Hi folks!
Recently, I tried to pass an interview in Radiomics. Here is the task that they asked to solve.
Is anybody able to solve it?
The task is to build a data workflow to pre-select/clean DICOM images using Prefect, a workflow orchestration tool for Python that allows to create tasks, that may or may not be interconnected (e.g., not just DAGs).
This data pipeline has a hypothetical downstream consumer, which uses the Prefect REST API to trigger the execution of the defined workflow by passing various parameters. There is no need to be concerned by how this API works, because you’re not responsible for neither its use, nor its definition; it’s just so that you can have more info on the type of data structures needed to be able to allow the consumer to smoothly trigger execution.

Simplified C4 model of the whole system, that the prefect orchestrator, in deep blue, is part of. Systems depicted in grey are external.
The problem at hand consists of allowing project managers to abstract themselves from coding individual tasks to perform data cleaning themselves on DICOM files that do not match certain criterium evaluated on their DICOM tags, while allowing for separation of concerns when it comes to the lifecycle of such a workflow.
A criterium consists of the DICOM tag to evaluate, the operation for evaluation (i.e., EQUALS, GREATER, LESS, IN), and the reference value for evaluation.
For the reference value, you can assume support for only three of the VR (Value Representations) types: Date (DA), Code String (CS), and Age String (AS). For more information on VR reference DICOM PS3.5. Dates in criteria should be formatted in ISO 8601.

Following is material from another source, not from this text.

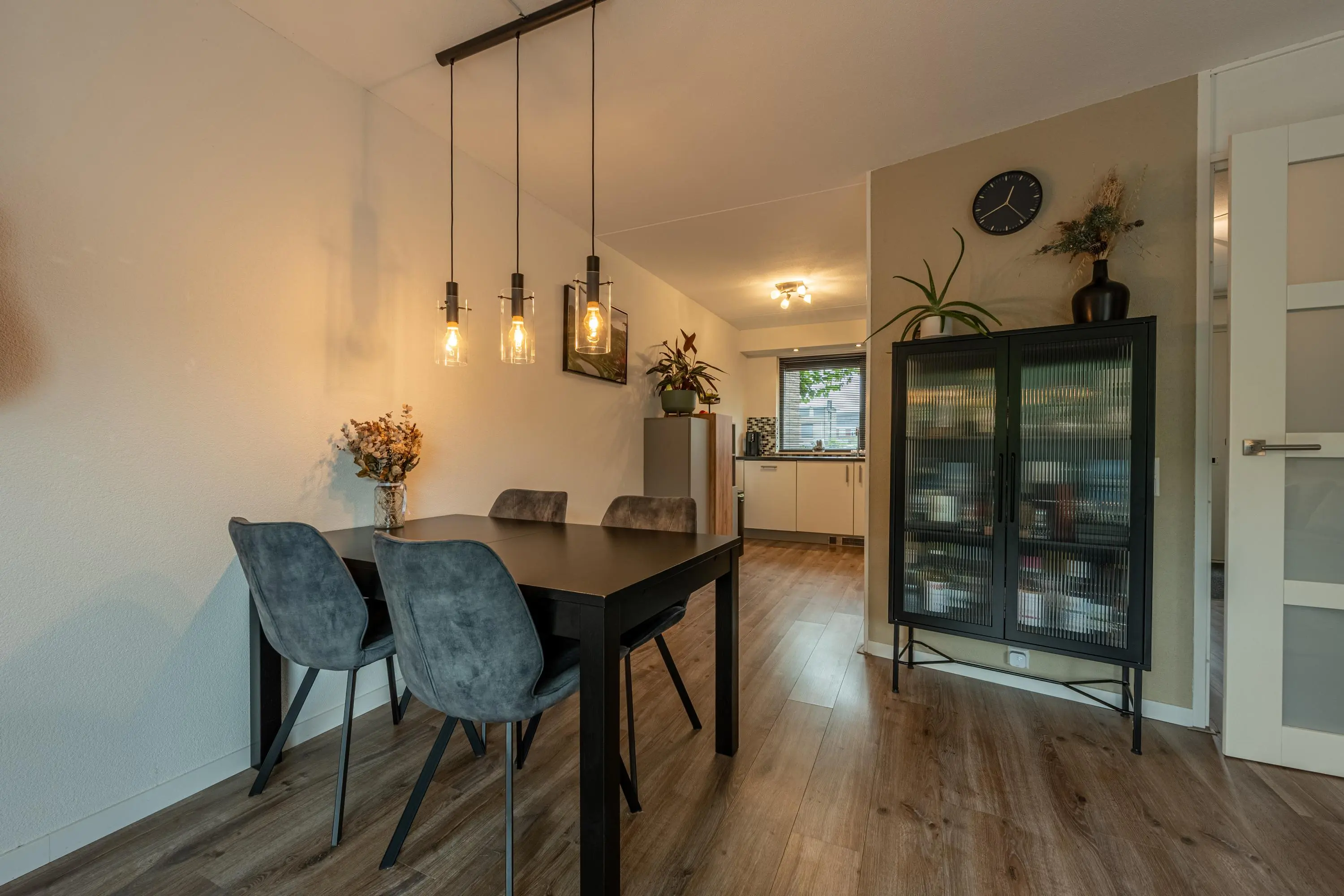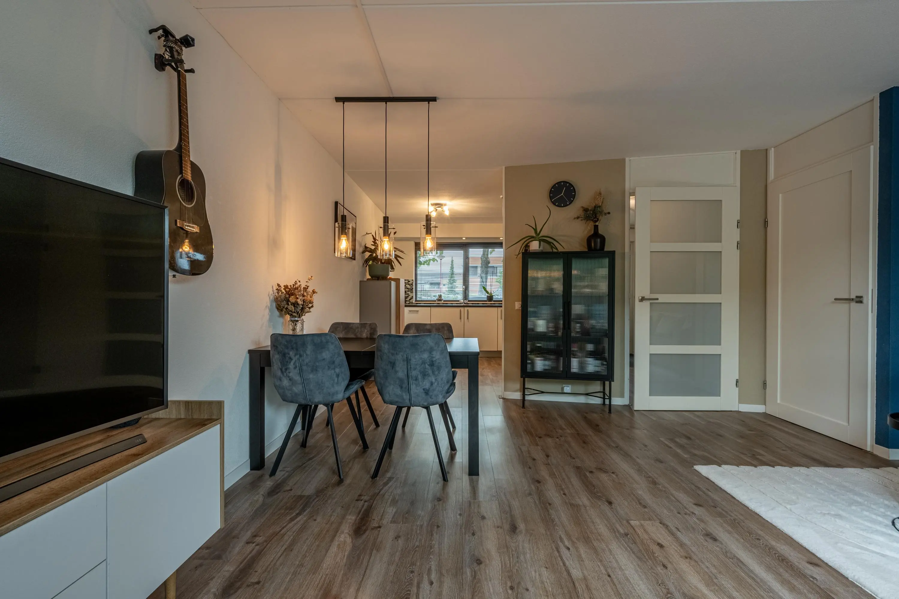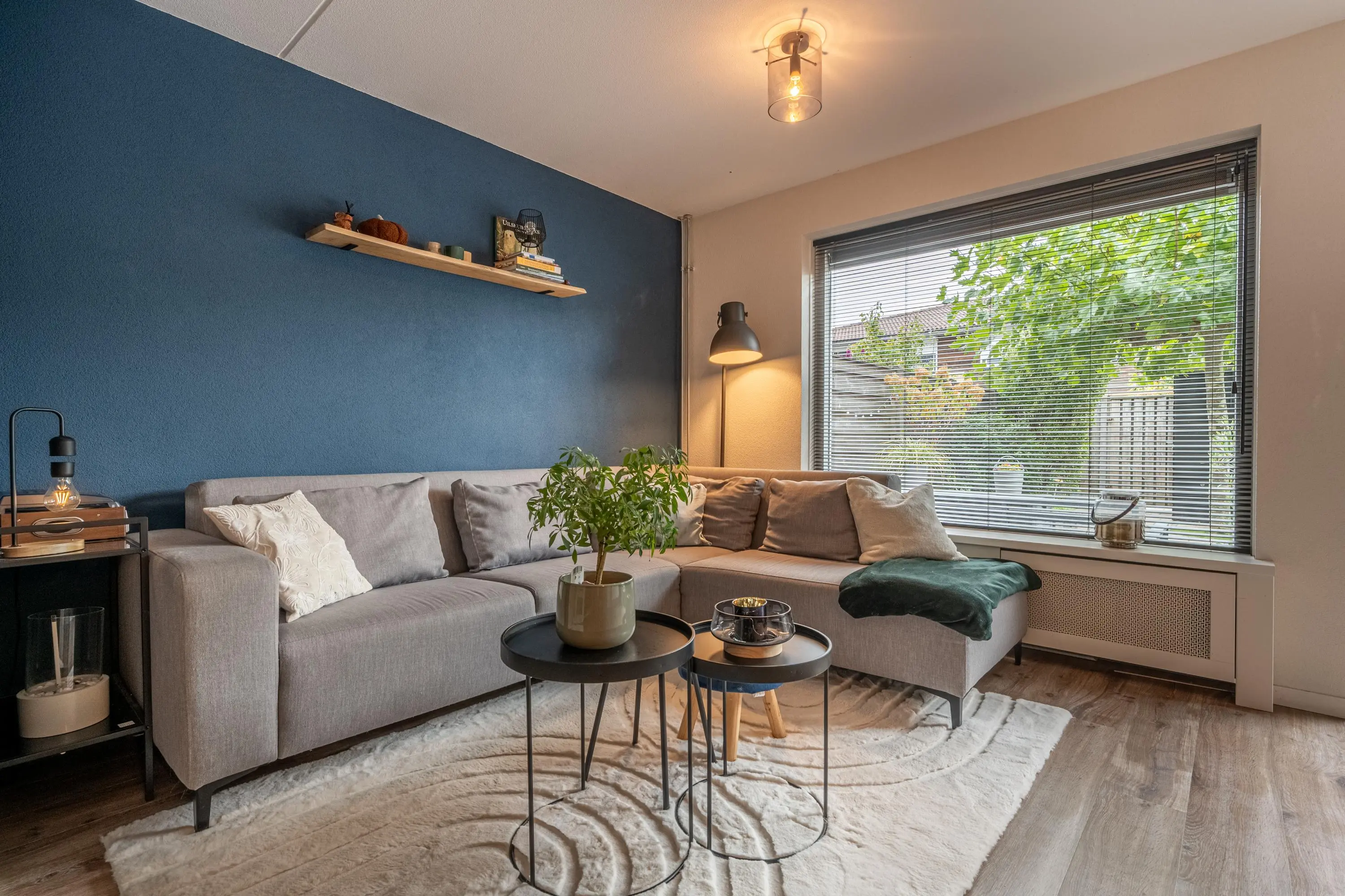 De net afgewerkte woonkamer heeft een handige bergkast en veel lichtinval vanwege de grote raampartij aan de achterzijde. Er is een loopdeur naar de achtertuin.

For example, if the criteria are that (1) the study date is later than 01/01/2022, and (2) the modality to be either CT (Computed Tomography) or MR (Magnetic Resonance Imaging), the expected input for the Prefect REST API to trigger the execution of a flow would look like (clipped):
{
...
"parameters": {
"input_s3_parameters": {
"endpoint": "https://localhost:0000", // optional
"bucket": "challenge-tech",
"credentials": "key_id:access_key",
"region": "eu-west"
},
"criteria": [
{
"dicom_tag": ["0008", "0020"],
"operation": "GREATER",
"reference": "2022-01-01"
},
{
"dicom_tag": ["0008", "0060"],
"operation": "IN",
"reference": ["CT", "MR"]
}
]
}
...
}👁️ HINT: each parameter in a flow, programmaticaly, is a function parameter.
The designed data workflow for this challenge aims at allowing to use both the database and the object store to run further/later computations, and only on the “objects” that have passed the cleaning stage correctly.
Beyond running computations, the workflow should also provide traceability for all DICOM instances (including those that have been discarded). For example, performing automatic segmentation on the DICOM series that are part of the cleaned data subset should be logged somewhere.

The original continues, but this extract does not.